FTSE 100 trades higher as investors grow bullish over US-China relations

London’s blue-chip index and oil prices traded higher on Tuesday as investors were bullish over a possible breakthrough in trade talks between the US and China.

London’s top index closed 50.72 points, or 0.74%, higher at 6,861.6 – while Germany’s DAX rose 0.76% and France CAC grew 1.41%.

David Madden, market analyst at CMC Markets, said: “Dealers have high hopes for the US-China trade talks, and there were some optimistic words from President Trump, and that added to the bullish move.

“The negotiations will extend into this evening, and given the lack of negative macroeconomic news, traders are content to add to the bounce back that began in late December.”

HSBC shares rallied on positive sentiment surrounding China, as the banking giant conducts most of its business in the Far East.

The bank’s “stock is contributing the most to the FTSE 100 in terms of index points on account of its large weighting in the index”, Mr Madden said as HSBC’s London-listed shares closed up 7p to 649.1p.

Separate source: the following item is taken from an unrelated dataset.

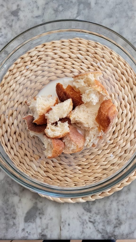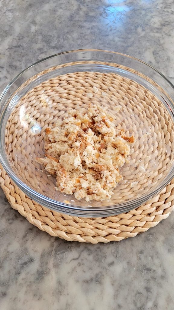 • In a bowl, soften the torn bread with milk, and let it sit for 10 minutes

Brent crude, the international benchmark, rose 1.1% at 58.31 US dollars (£45.79).

The pound weakened on a firmer US dollar. Sterling was down 0.36% against the greenback at 1.272 and was flat versus the euro at 1.112 at the London market close.

Meanwhile, it was a busy day for retailers with a string of announcements from Morrisons, Greene King, Joules and Footasylum.

Morrisons unveiled an increase in Christmas sales thanks to stronger growth in its wholesale arm, despite a slowdown in retail shopping.

Like-for-like sales in the nine weeks to January 6 were 3.6% higher for the supermarket chain.

While pub group Greene King cheered strong festive trading after customers brushed aside Brexit fears to send sales surging over Christmas and new year.

The Hungry Horse and Chef & Brewer owner said like-for-like sales in its managed pubs jumped 10.9% in the two weeks to January 6.

Upmarket clothing firm Joules thanked a strong online performance for helping send festive sales surging by nearly 12%.

The group – famous for its bright wellies and outdoor clothing – saw comparable retail sales rise 11.7% over the seven weeks to January 6.

However, Footasylum warned over pressure on full-year earnings after it slashed prices amid heavy discounting on the high street.

Shares in the chain plunged more than 15% after it said it now expects full-year underlying earnings to be towards the lower end of forecasts, as profit margins were hit by steep discounting over the festive season.

Morrisons shares closed down 7.05p to 212.6p, Greene King up 30.8p to 584p, Joules up 10.5p to 255p, and Footasylum down 3.5p to 29p.

Elsewhere, building supplies firm SIG blamed economic uncertainty for contributing to tough conditions in the construction industry as the group posted a disappointing set of figures.

Like-for-like sales at the company dropped 4.7% in the six months to December 31, with comparable revenue 2.3% lower over the full year.

The biggest risers on the FTSE 100 were Smurfitt Kappa up 128p to 2,208p, DS Smith up 18p to 324p, Marks & Spencer up 14.5p to 275.2p, and Melrose Industries up 9.05p to 175.35p.

The biggest fallers on the FTSE 100 were Hikma Pharmaceuticals down 88p to 1,599.5p, Morrisons down 7.05p to 212.6p, BT Group down 6.95p to 231p, and Fresnillo down 19.4p to 896.6p.